Thursday, December 01, 2005
When you've screwed the pooch and need to back out gracefully.
I really hate it when I need to take serious blogging time to give remedial reading lessons but, apparently, this is one of those times.
Over here, the adorable Ms. Z summarizes what happens when someone completely, totally, spectacularly misunderstands something and, when it's explained to them what really went down, instead of just apologizing for being such an airhead, they desperately try to salvage the situation and only make things worse.
I refer, of course, to the recent idiocy of Conservative MP Jason Kenney who got all bent out of shape when he misinterpreted a reference to "OMNI" the now-defunct science magazine (best described as science porn for the socially-challenged) as a reference to "OMNI" the TV station(s).
And when someone quietly whispered in his ear what a total jackass he had just made of himself, rather than sheepishly admit that he had just pooched it, he tried to bluff his way out of it which, of course, just made him look sillier.
Another delightful example of this can be found here when, as some of you might remember since I linked to it, our favourite American fundamentalist loon Jinx McHue completely misinterpreted a journalistic reference to the "hand of God" as a slight against Commander Chimpy's religious beliefs, when it actually referred to the controversial goal in the 1986 soccer World Cup by Argentinian legend Diego Maradona.
Rather than just swallow his pride and admit that he made a dick of himself, Jinx naturally dodged and weaved and tap danced, writing, "seems a strange phrase to use in reference to President Bush, unless, of course, it is meant as a direct reference to his faith in God," even after having it explained to him that it had nothing to do with Bush's religious beliefs, it had to do with a soccer goal.
Which brings us finally to here, where some readers are taking offense to my writing gleefully about right-wing screech harpy Michelle Malkin having a "stalker," even after I slowly, carefully explained that, by "stalker," I meant someone who will be following Malkin's postings carefully and methodically and pointing out their various flaws and inanities. And yet, even after that explanation of my use of the word -- clearly meant as slang -- some readers are still upset. To those readers, a word of advice -- get over it. Seriously.
At this point, you know full well what I meant and how I was using the word. I don't really give a fuck if my usage upsets you because we now both know that it has nothing to do with the concept of sexual predation or anything of the sort. In fact, referring to someone as a "stalker" in the blogosphere is becoming kind of a standard when describing anyone who seems to spend an inordinate amount of time checking up on someone else.
In short, if how I wrote that article upsets you, tough shit. I'm always willing to apologize for writing something classless or offensive, but I'm not going to apologize to readers who deliberately choose to misinterpret something I wrote, especially after the actual situation has been explained to them. Put another way, feel free to bitch at me for what I write, not for how you deliberately choose to misunderstand what I write. There's a difference.

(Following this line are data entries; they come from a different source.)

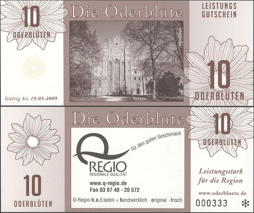 10 Oderblüten; erschienen 2008; Lange OD01.5; Vs.: Kloster Chorin, gültig bis19.3.2009; Rs.: WZ. 6-stellig und dahinter ein 6-zackiger Stern; ohne Wz.; Braun; gedruckt auf Robuskin PE; Druckerei: Wippold, Schwedt |
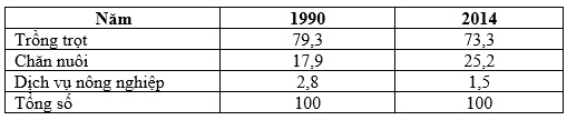 Cho bảng số liệu: Cơ cấu giá trị sản xuất nông nghiệp (theo giá thực tế) phân theo ngành
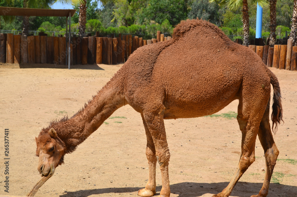 Camel is an ungulate within the genus Camelus bearing distinctive
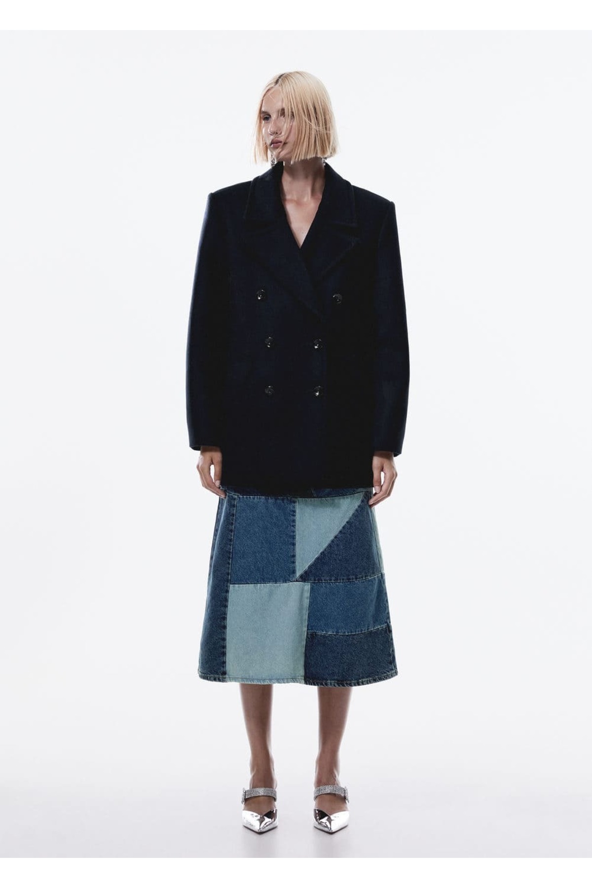 Palto .– flipper. Geri dönüştürülmüş yün karışımlı kumaş, Premium kalite, Düz model, V kesim yaka, Uzun kollu, Yan cepli, Kruvaze kapamalı, Astarlı. 75% yün,25% polyamid, Astar: 100% polyester, Piping: 100% polyester. Yan dikiş uzunluğu 57.3 cm, Arka uzunluk 81.0 cm. YIKANMAZ, ÇAMAŞIR SUYU KULLANMAYIN, MAKS. 110°C İLE ÜTÜLEYİN, PERKLOROETİLEN KURU TEMİZLEME UYGULAYIN, KURUTMA MAKİNESİNDE KURUTULAMAZ

And if that's not good enough for you, hey, it's a big blogosphere out there. Knock yourself out. And while you're feeling all bent out of shape and are off somewhere sulking, we here at CC HQ will be dealing with actual topics regarding womens' rights, like discussing the misogyny of the Catholic Church or the evil that is the pro-life pharmacist movement. Any time you want to stop whining and join the discussion again, you know where to find me. Do we understand one another?
P.S. When I refer to someone as having "screwed the pooch," I don't mean that literally, of course. But I'm hoping you figured that out all by yourself.